A bevy of blind baby “dragons” may soon hatch in a Slovenian cave.
Biologists at Postojna Cave, a 15-mile-long (24 kilometers) cave system in southwestern Slovenia, are waiting with bated breath for the arrival of up to 55 baby olms (Proteus anguinus). These underground animals are also known as European cavesalamanders, but locals call them “human fish,” said Stanley Sessions, a biologist at Hartwick College in New York and a Fulbright scholar at the University of Ljubljana, Slovenia. That’s because their cave-adapted skin lacks pigment and is a fleshy pinkish-white color.
Olms are the largest of all cave-adapted animals, but they have long been enigmatic, Sessions and his colleague, Lilijana Bizjak Mali, of the University of Slovenia, wrote in an email to Live Science. They can grow up to 16 inches (40 centimeters) long. In the 1600s, people saw the long, slim bodies of these salamanders washed out of their cave habitats by rain and mistook them for baby dragons — an understandable impression, given the olms’ frilly gills, which look a bit like the neck frill of a fantastical dragon. The salamanders are blind, but very sensitive to smell, taste, sound and even electric fields, studies have found.

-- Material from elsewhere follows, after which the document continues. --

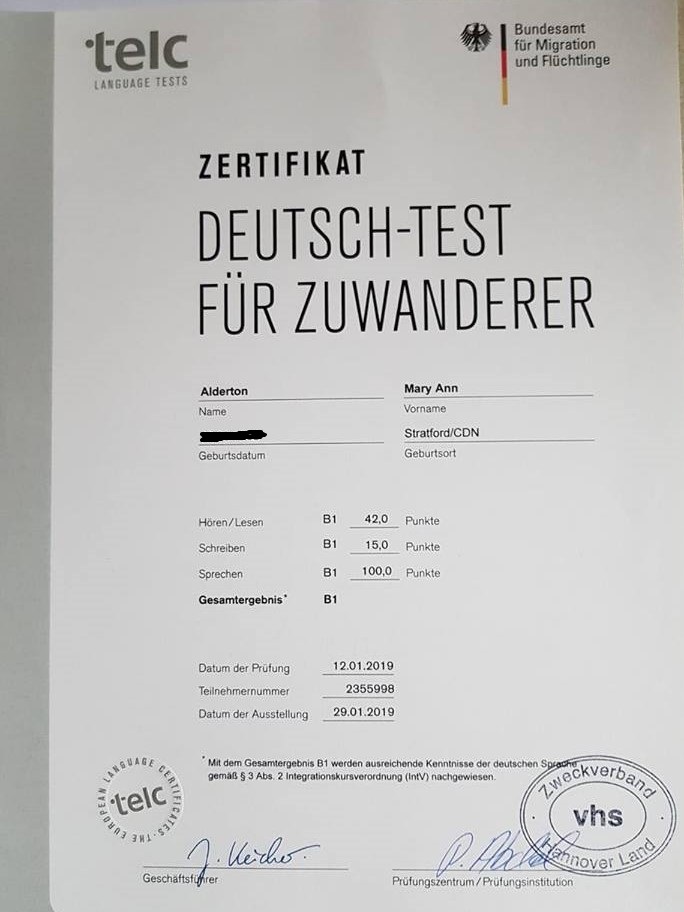 In diesem Jahr hat Mary-Ann nun die Möglichkeit Ihre Einbürgerung gezielt vorzubereiten und zu beantragen. Einen Meilenstein hat sie schon genommen, der 1. Sprachkurs ist erfolgreich abgeschlossen. Mary-Ann war eine aufmerksame und zuverlässige Schülerin, hat nie gefehlt und das sieht man auch am Ergebnis.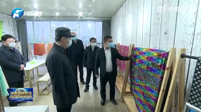 2月16日,河南省省委书记楼阳生实地调研营辉公司的销售展厅,详细了解了产品设计、工艺特点、销售方式等,指出要用好我省纺织业的产业基础、人力资源等优势,做好延链补链强链文章,把准个性化市场消费趋势,创新设计、做精工艺、做优品牌,推动产品向产业链价值链中高端迈进。

Postojna Cave is a major tourist attraction, complete with an aquarium where visitors can see olms in captivity. On Jan. 30, a tour guide noticed a single olm egg attached to the glass. This marked the beginning of the 20-day period in which olms can lay up to 60 eggs. Since then, biologists have counted 55 eggs, mostly clinging to the bottom of a rock and guarded zealously by the olm mother.
The appearance of the eggs is occasion for excitement among biologists because rearing olms in captivity is difficult, Sessions and Mali wrote. What’s more, olms live life in the slow lane: They don’t reach sexual maturity until age 14, and they can live to be at least 70 years old. Their metabolisim is so slow that olms can go without food for up to 10 years. They also have an unusually large genome, Sessions and Mali said, with about 15 times as many base pairs of nucleotides as humans.
Olm embryos usually take about 4 months to reach the hatching stage, the researchers said, so the aquarium can expect spring babies. An infrared camera allows tourists to see the eggs without approaching the olm tank. It’s not clear how many of the 55 eggs will actually hatch, but the offspring will look and function like mini-adults, Sessions and Mali said.
“As far as we know, the newly hatched Proteus larvae simply disperse soon after hatching, which is a good thing since the mother or other Proteus could eat them,” the researchers wrote.
Oddly, the embryonic olms will develop functional eyes, but their eyes degenerate after the early larval stage. By adulthood, the eyes are “nearly useless dots,” Sessions and Mali said.